Issue
It is a simple Optical Character Recognition (OCR) program in Python 3 to get string, I have uploaded the target gif file here, please download it and save it as /tmp/target.gif
.
try:
from PIL import Image
except ImportError:
import Image
import pytesseract
print(pytesseract.image_to_string(Image.open('/tmp/target.gif')))
I paste all the error info here, please fix it to get the characters from image.

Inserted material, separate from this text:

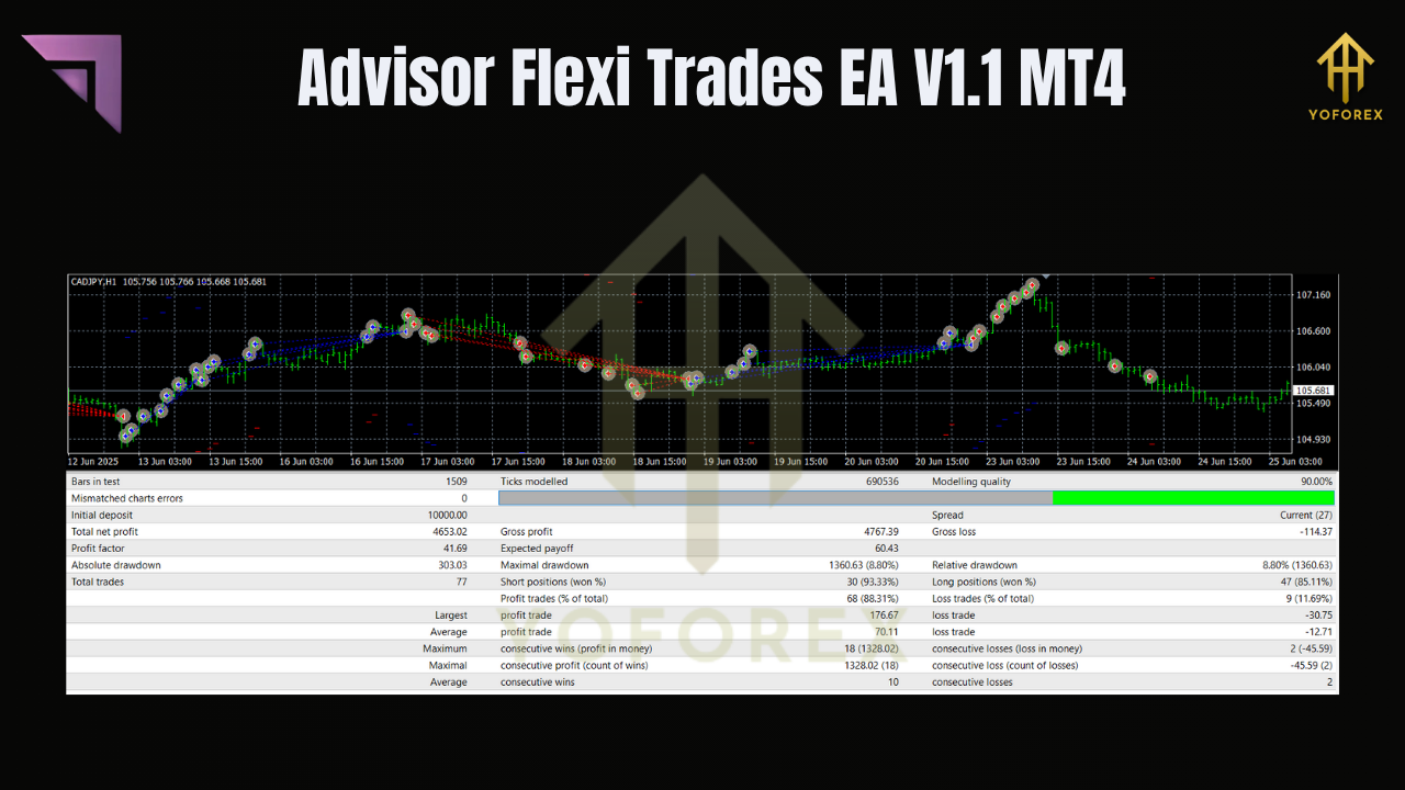 Flexi Trades EA V1.1 is an advanced MetaTrader 4 (MT4) Expert Advisor designed to adapt its strategy based on live market conditions. This isn’t your typical static EA that just enters on crossovers or RSI levels. Instead, it actively reads market volatility, recent candle patterns, and support/resistance levels to find high-probability entries.

/usr/lib/python3/dist-packages/PIL/Image.py:925: UserWarning: Couldn't allocate palette entry for transparency
"for transparency")
Traceback (most recent call last):
File "<stdin>", line 1, in <module>
File "/usr/local/lib/python3.5/dist-packages/pytesseract/pytesseract.py", line 309, in image_to_string
}[output_type]()
File "/usr/local/lib/python3.5/dist-packages/pytesseract/pytesseract.py", line 308, in <lambda>
Output.STRING: lambda: run_and_get_output(*args),
File "/usr/local/lib/python3.5/dist-packages/pytesseract/pytesseract.py", line 208, in run_and_get_output
temp_name, input_filename = save_image(image)
File "/usr/local/lib/python3.5/dist-packages/pytesseract/pytesseract.py", line 136, in save_image
image.save(input_file_name, format=img_extension, **image.info)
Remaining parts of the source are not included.